There’s really nothing more cozy than a warm bowl full of really nourishing foods. I recently learned that together, beans and rice make a complete protein, which is perfect for vegetarians or someone who is just trying to eat less meat. These garlicky black beans are incredibly delicious and mixed with the creamy texture of the roasted sweet potatoes, this bowl is heavenly. You can really customize this to suit your needs by swapping ingredients or adding other delicious goodies, such as avocado, red onions or your favorite hot sauces or salsas.

Sweet Potato, Black Bean & Rice Bowls
serves 2

1 sweet potato, chopped in 1-inch pieces
1 Tbsp. olive oil
Chili powder, salt & pepper
1 can black beans
2 cloves garlic, minced
2 cups cooked brown basmati rice (1 cup uncooked)
Cilantro sprigs

First, start cooking your rice according to package instructions.

To roast sweet potatoes: Preheat oven to 400 F. Toss sweet potatoes with olive oil and a pinch each of chili powder, salt and black pepper. Roast in oven for about 20 minutes or until golden and cooked through.

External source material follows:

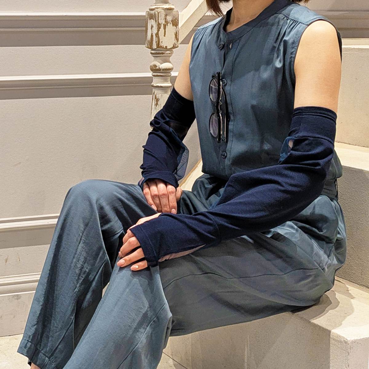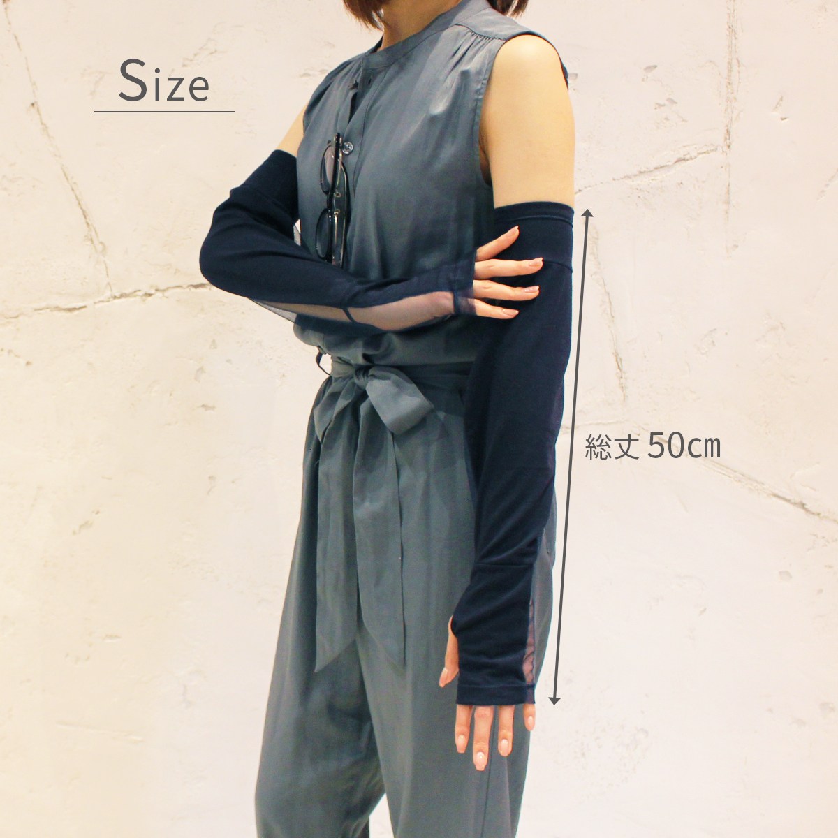 手肌にまとわりつくのが苦手な方はもちろんのこと、湿度の高い時期には生地を密着させずに風通りのよいシルエットが最適なバルーンスタイルのUVカット手袋です。絶対日焼けしたくない人のためにUPF50+,UVカット率99.8%以上の素材を用いました。ブラックとネイビーは紫外線遮蔽率100%!ロング丈で二の腕までしっかり紫外線対策出来ます。手の平側はメッシュになっており、通気性が良く蒸れにくく、暑い夏も快適です。手袋を装着したまま、細かい作業やコンビニでのキャッシュレス決済時にも慌てない指紋認証にも対応しているスマートフォンやタッチパネルがそのまま使える指先フリータイプです。つけそでの様なデザインでコーディネイトの幅が広がります。

To cook black beans: In a small pot, saute minced garlic in a bit of olive oil over medium heat for about 30 seconds, then add the entire can of black beans, a few cilantro sprigs and a splash of water. Simmer over medium heat for about 10-15 minutes. When finished, remove cilantro sprigs.

The elements should come together all at the same time if you start with the rice, then the sweet potatoes, then black beans. For each bowl, layer in some rice, about half the black beans and some sweet potatoes. Top with a few cilantro leaves and if you like some heat, add some hot sauce. Enjoy!